Discretely waiting until after the election, Bill Ayers and his wife,
and fellow former terrorist, Bernardine Dohrn plan to release a book
in 2009 entitled Race Course Against White Supremacy. The book will be
published by Third World Press, a press set up by Carruthers and other
members of the ASCAC. Representatives of that press were prominently
present for Wright's eulogy at Asa Hilliard's memorial service. Less
than a decade ago, therefore, when it came to education issues, Barack
Obama, Bill Ayers, and Jeremiah Wright were pretty much on the same
page.

Obama's Knowledge
Given the precedent of his earlier responses on Ayers and Wright,
Obama might be inclined to deny personal knowledge of the educational
philosophy he was so generously funding. Such a denial would not be
convincing. For one thing, we have evidence that in 1995, the same
year Obama assumed control of the Chicago Annenberg Challenge, he
publicly rejected "the unrealistic politics of integrationist
assimilation," a stance that clearly resonates with both Wright and
Carruthers. (See "No Liberation.")

And as noted, Wright had invited Carruthers, Hilliard, and like-minded
thinkers to address his Trinity congregants. Wright likes to tick off
his connections to these prominent Afrocentrists in sermons, and Obama
would surely have heard of them. Reading over SSAVC's Annenberg
proposals, Obama could hardly be ignorant of what they were about. And
if by some chance Obama overlooked Hilliard's or Carruthers's names,
SSAVC's proposals are filled with references to "rites of passage" and
"Ptahhotep," dead giveaways for the anti-American and separatist
ideological concoction favored by SSAVC.

We know that Obama did read the proposals. Annenberg documents show
him commenting on proposal quality. And especially after 1995, when
concerns over self-dealing and conflicts of interest forced the
Ayers-headed "Collaborative" to distance itself from monetary issues,
all funding decisions fell to Obama and the board. Significantly,
there was dissent within the board. One business leader and
experienced grant-smith characterized the quality of most Annenberg
proposals as "awful." (See "The Chicago Annenberg Challenge: The First
Three Years," p. 19.) Yet Obama and his very small and divided board
kept the money flowing to ideologically extremist groups like the
South Shore African Village Collaborative, instead of organizations
focused on traditional educational achievement.

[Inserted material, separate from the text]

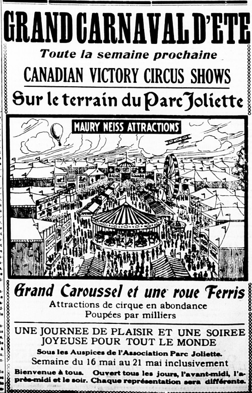 En 1921 le Canadian Victory Circus Shows s’est installé pendant une semaine sur le terrain du Parc Joliette, il s’agissait plutôt d’une foire avec des manèges.

As if the content of SSAVC documents wasn't warning enough, their
proposals consistently misspelled "rites of passage" as "rights of
passage," hardly an encouraging sign from a group meant to improve
children's reading skills. The Chicago Annenberg Challenge's own
evaluators acknowledged that Annenberg-aided schools showed no
improvement in achievement scores. Evaluators attributed that failure,
in part, to the fact that many of Annenberg's "external partners" had
little educational expertise. A group that puts its efforts into
Kwanzaa celebrations and half-baked history certainly fits that bill,
and goes a long way toward explaining how Ayers and Obama managed to
waste upwards of $150 million without improving student achievement.

However he may seek to deny it, all evidence points to the fact that,
from his position as board chair of the Chicago Annenberg Challenge,
Barack Obama knowingly and persistently funded an educational project
that shared the extremist and anti-American philosophy of Jeremiah
Wright. The Wright affair was no fluke. It's time for McCain to say
so.
— Stanley Kurtz is a senior fellow at the Ethics and Public Policy Center.